◆ Available data:
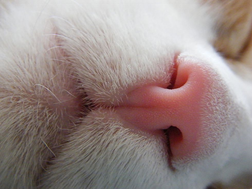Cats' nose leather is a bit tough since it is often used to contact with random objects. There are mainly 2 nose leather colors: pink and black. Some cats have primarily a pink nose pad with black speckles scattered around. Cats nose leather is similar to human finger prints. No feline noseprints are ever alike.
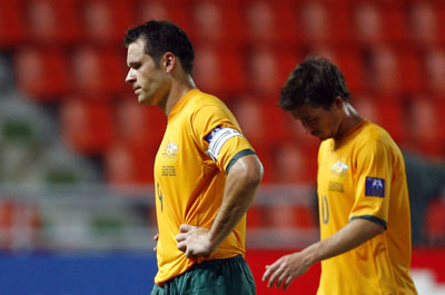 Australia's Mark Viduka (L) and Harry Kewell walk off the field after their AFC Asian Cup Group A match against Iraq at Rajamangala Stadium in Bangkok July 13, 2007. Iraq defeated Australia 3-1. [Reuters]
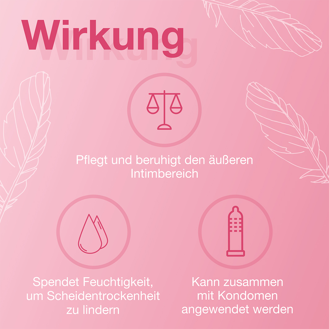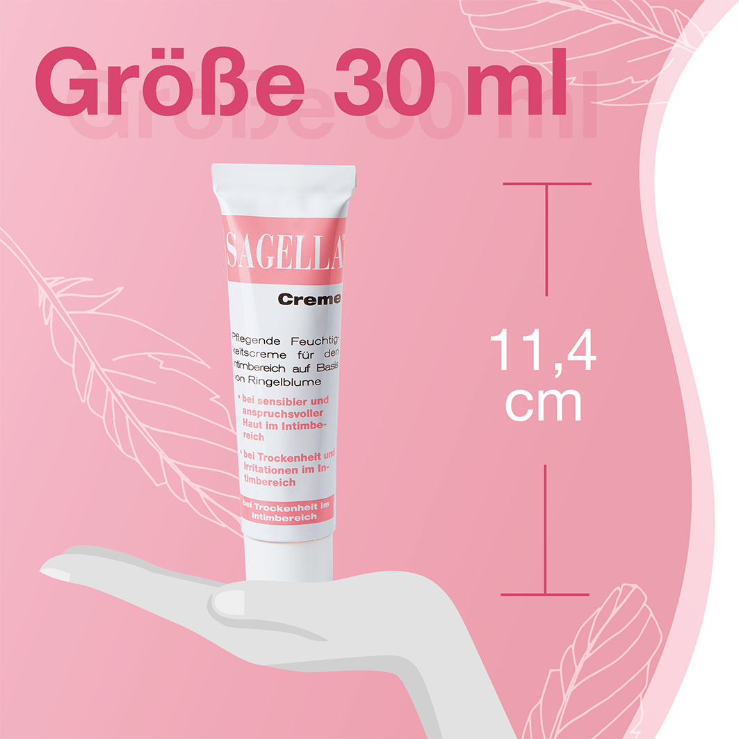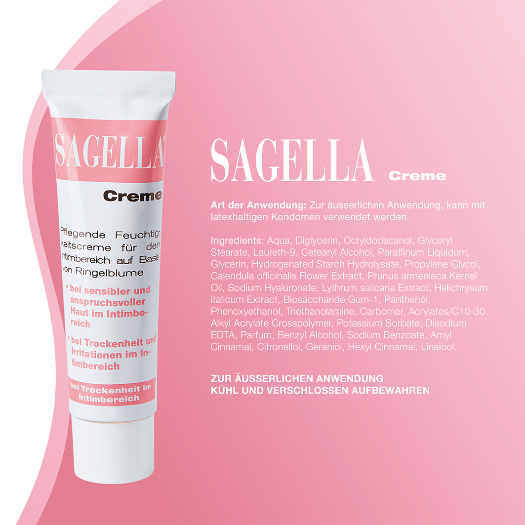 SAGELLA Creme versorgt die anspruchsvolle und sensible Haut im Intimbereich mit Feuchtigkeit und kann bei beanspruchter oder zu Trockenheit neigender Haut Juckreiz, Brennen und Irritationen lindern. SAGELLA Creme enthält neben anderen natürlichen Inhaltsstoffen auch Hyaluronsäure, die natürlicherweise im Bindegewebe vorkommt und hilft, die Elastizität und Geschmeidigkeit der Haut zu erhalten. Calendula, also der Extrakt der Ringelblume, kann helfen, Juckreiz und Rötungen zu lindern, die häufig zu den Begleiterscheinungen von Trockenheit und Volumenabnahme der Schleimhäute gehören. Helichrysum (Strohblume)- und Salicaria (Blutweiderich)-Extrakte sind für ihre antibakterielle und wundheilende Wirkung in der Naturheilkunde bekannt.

==

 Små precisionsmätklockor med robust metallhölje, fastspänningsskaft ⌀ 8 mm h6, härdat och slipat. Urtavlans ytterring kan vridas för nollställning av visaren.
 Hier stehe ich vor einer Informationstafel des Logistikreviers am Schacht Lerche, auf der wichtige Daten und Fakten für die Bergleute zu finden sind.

◆ Task to complete: Output exactly, and only, the lines of the entries above from the one with "Cats' nose leather" up to and including the one with "Australia's Mark Viduka"; pictures are to be left out.

◆ Exercise result:
Cats' nose leather is a bit tough since it is often used to contact with random objects. There are mainly 2 nose leather colors: pink and black. Some cats have primarily a pink nose pad with black speckles scattered around. Cats nose leather is similar to human finger prints. No feline noseprints are ever alike.
 Australia's Mark Viduka (L) and Harry Kewell walk off the field after their AFC Asian Cup Group A match against Iraq at Rajamangala Stadium in Bangkok July 13, 2007. Iraq defeated Australia 3-1. [Reuters]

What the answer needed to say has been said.